Start of Block

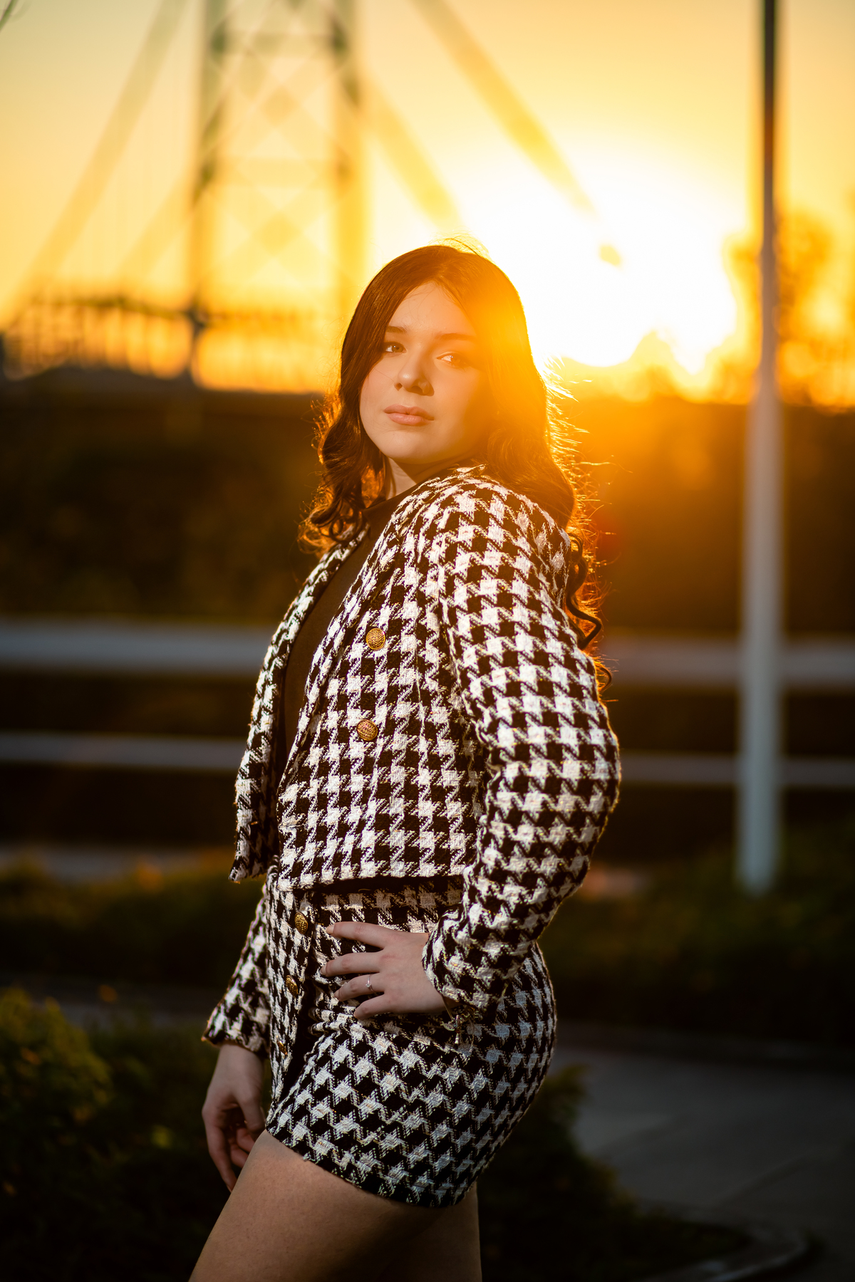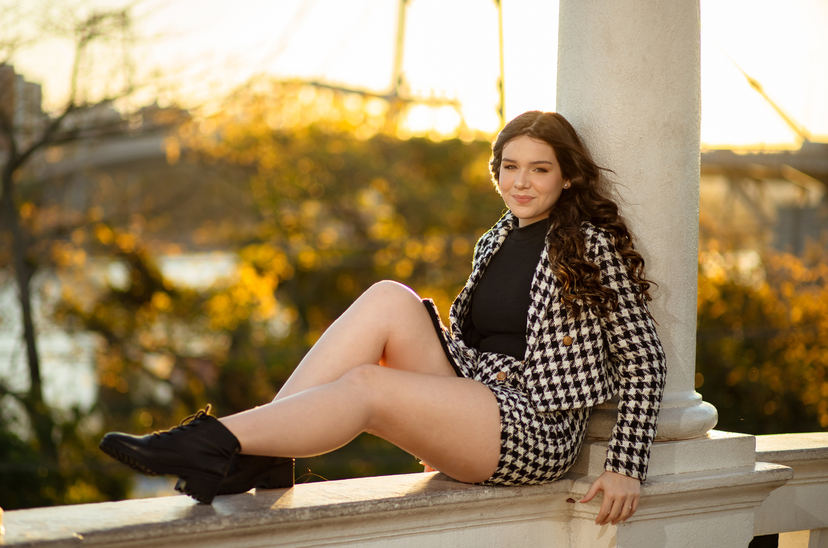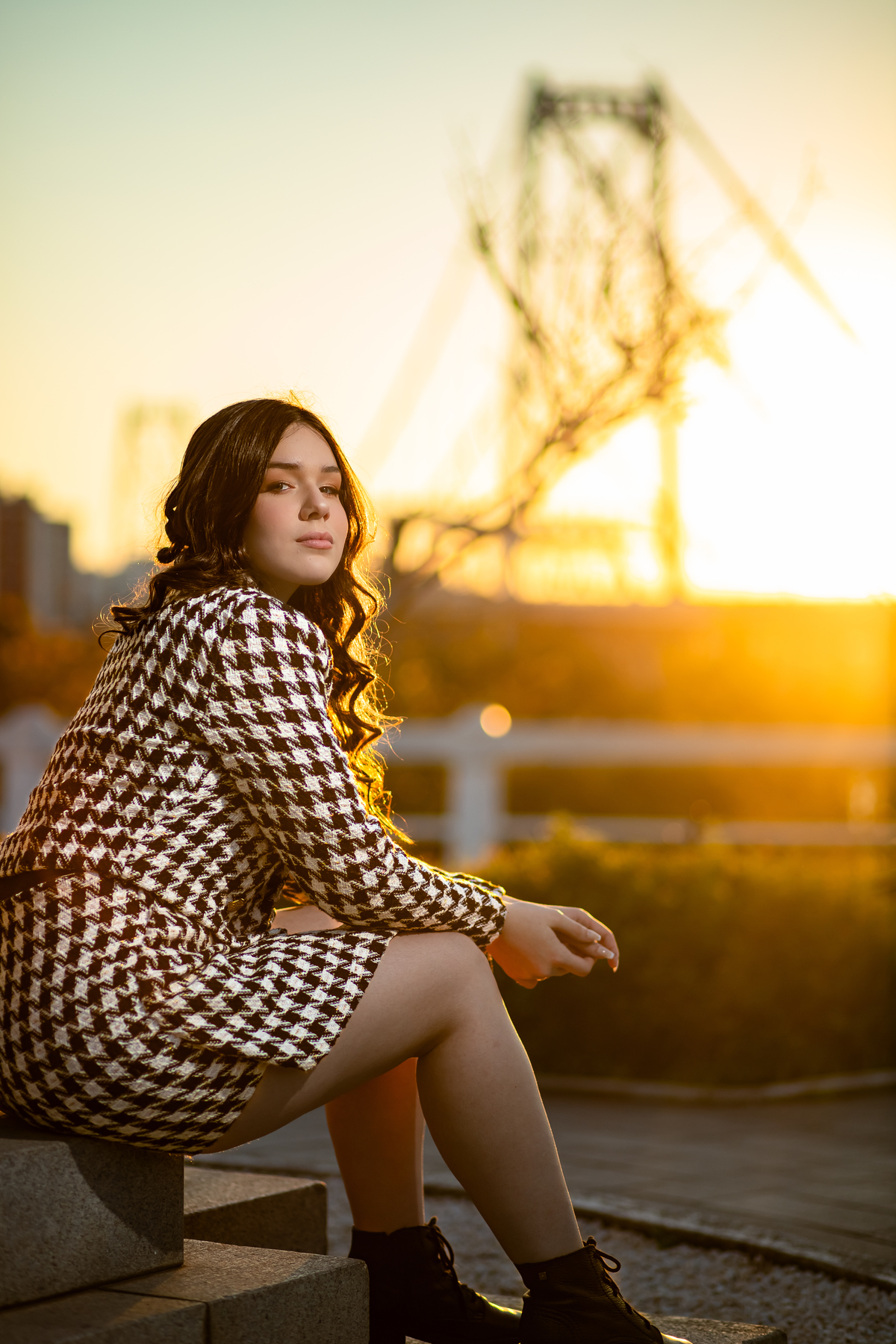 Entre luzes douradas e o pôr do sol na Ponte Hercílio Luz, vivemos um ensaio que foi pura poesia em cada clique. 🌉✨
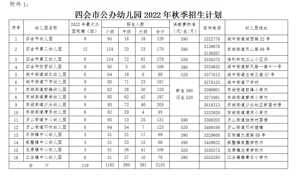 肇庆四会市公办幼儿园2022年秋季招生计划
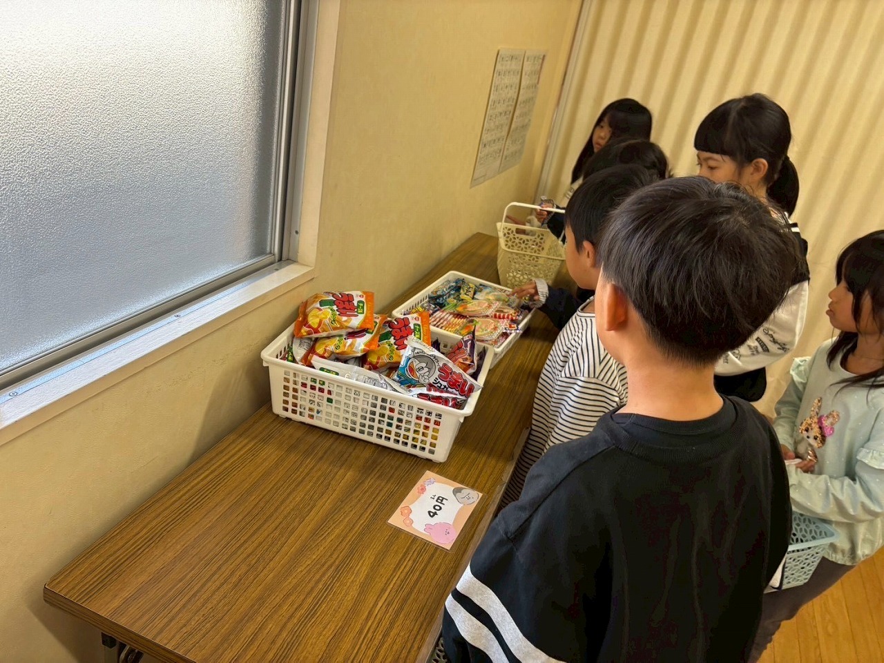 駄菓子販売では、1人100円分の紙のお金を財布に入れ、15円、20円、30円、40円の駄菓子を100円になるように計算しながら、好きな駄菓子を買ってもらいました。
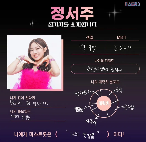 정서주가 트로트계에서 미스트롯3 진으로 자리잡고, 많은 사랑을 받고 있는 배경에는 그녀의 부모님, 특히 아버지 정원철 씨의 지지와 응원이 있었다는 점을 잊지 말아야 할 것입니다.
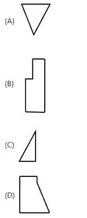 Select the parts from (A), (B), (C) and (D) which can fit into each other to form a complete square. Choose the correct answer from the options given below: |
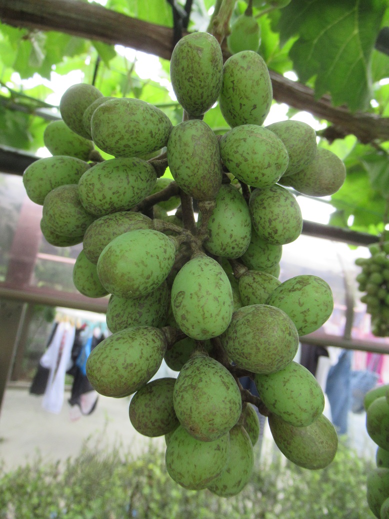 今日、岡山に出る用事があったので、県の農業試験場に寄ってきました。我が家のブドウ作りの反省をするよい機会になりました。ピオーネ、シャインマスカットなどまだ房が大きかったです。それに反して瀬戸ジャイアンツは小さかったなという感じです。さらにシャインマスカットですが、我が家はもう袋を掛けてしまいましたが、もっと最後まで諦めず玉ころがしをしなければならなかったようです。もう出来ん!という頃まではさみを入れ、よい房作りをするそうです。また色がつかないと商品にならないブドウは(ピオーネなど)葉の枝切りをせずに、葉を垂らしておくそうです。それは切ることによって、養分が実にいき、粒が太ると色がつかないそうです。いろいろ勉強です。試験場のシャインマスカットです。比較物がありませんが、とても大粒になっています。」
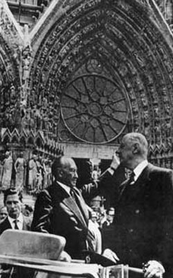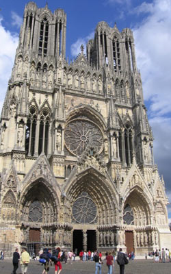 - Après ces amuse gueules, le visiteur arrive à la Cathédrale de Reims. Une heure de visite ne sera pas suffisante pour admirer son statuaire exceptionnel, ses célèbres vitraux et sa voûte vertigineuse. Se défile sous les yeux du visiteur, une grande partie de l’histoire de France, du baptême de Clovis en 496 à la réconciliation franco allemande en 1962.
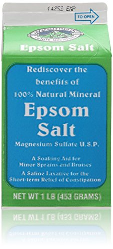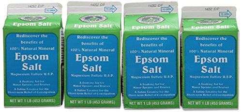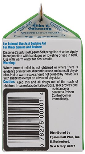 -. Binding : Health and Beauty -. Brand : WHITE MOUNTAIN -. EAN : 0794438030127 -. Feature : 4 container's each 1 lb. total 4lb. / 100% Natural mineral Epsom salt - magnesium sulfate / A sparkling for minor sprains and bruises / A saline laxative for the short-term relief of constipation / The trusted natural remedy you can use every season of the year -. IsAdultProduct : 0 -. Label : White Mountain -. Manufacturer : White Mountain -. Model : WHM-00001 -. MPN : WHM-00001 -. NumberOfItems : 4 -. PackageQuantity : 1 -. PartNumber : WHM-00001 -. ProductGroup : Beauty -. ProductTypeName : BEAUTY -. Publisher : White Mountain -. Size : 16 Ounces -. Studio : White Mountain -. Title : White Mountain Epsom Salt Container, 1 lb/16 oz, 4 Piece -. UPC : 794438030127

End of Block

• WHAT THE TASK REQUIRES: Write the entries above out again exactly, omitting each image.

• SOLUTION FOR THIS PROBLEM:
 Entre luzes douradas e o pôr do sol na Ponte Hercílio Luz, vivemos um ensaio que foi pura poesia em cada clique. 🌉✨
 肇庆四会市公办幼儿园2022年秋季招生计划
 駄菓子販売では、1人100円分の紙のお金を財布に入れ、15円、20円、30円、40円の駄菓子を100円になるように計算しながら、好きな駄菓子を買ってもらいました。
 정서주가 트로트계에서 미스트롯3 진으로 자리잡고, 많은 사랑을 받고 있는 배경에는 그녀의 부모님, 특히 아버지 정원철 씨의 지지와 응원이 있었다는 점을 잊지 말아야 할 것입니다.
 Select the parts from (A), (B), (C) and (D) which can fit into each other to form a complete square. Choose the correct answer from the options given below: |
 今日、岡山に出る用事があったので、県の農業試験場に寄ってきました。我が家のブドウ作りの反省をするよい機会になりました。ピオーネ、シャインマスカットなどまだ房が大きかったです。それに反して瀬戸ジャイアンツは小さかったなという感じです。さらにシャインマスカットですが、我が家はもう袋を掛けてしまいましたが、もっと最後まで諦めず玉ころがしをしなければならなかったようです。もう出来ん!という頃まではさみを入れ、よい房作りをするそうです。また色がつかないと商品にならないブドウは(ピオーネなど)葉の枝切りをせずに、葉を垂らしておくそうです。それは切ることによって、養分が実にいき、粒が太ると色がつかないそうです。いろいろ勉強です。試験場のシャインマスカットです。比較物がありませんが、とても大粒になっています。」
 - Après ces amuse gueules, le visiteur arrive à la Cathédrale de Reims. Une heure de visite ne sera pas suffisante pour admirer son statuaire exceptionnel, ses célèbres vitraux et sa voûte vertigineuse. Se défile sous les yeux du visiteur, une grande partie de l’histoire de France, du baptême de Clovis en 496 à la réconciliation franco allemande en 1962.
 -. Binding : Health and Beauty -. Brand : WHITE MOUNTAIN -. EAN : 0794438030127 -. Feature : 4 container's each 1 lb. total 4lb. / 100% Natural mineral Epsom salt - magnesium sulfate / A sparkling for minor sprains and bruises / A saline laxative for the short-term relief of constipation / The trusted natural remedy you can use every season of the year -. IsAdultProduct : 0 -. Label : White Mountain -. Manufacturer : White Mountain -. Model : WHM-00001 -. MPN : WHM-00001 -. NumberOfItems : 4 -. PackageQuantity : 1 -. PartNumber : WHM-00001 -. ProductGroup : Beauty -. ProductTypeName : BEAUTY -. Publisher : White Mountain -. Size : 16 Ounces -. Studio : White Mountain -. Title : White Mountain Epsom Salt Container, 1 lb/16 oz, 4 Piece -. UPC : 794438030127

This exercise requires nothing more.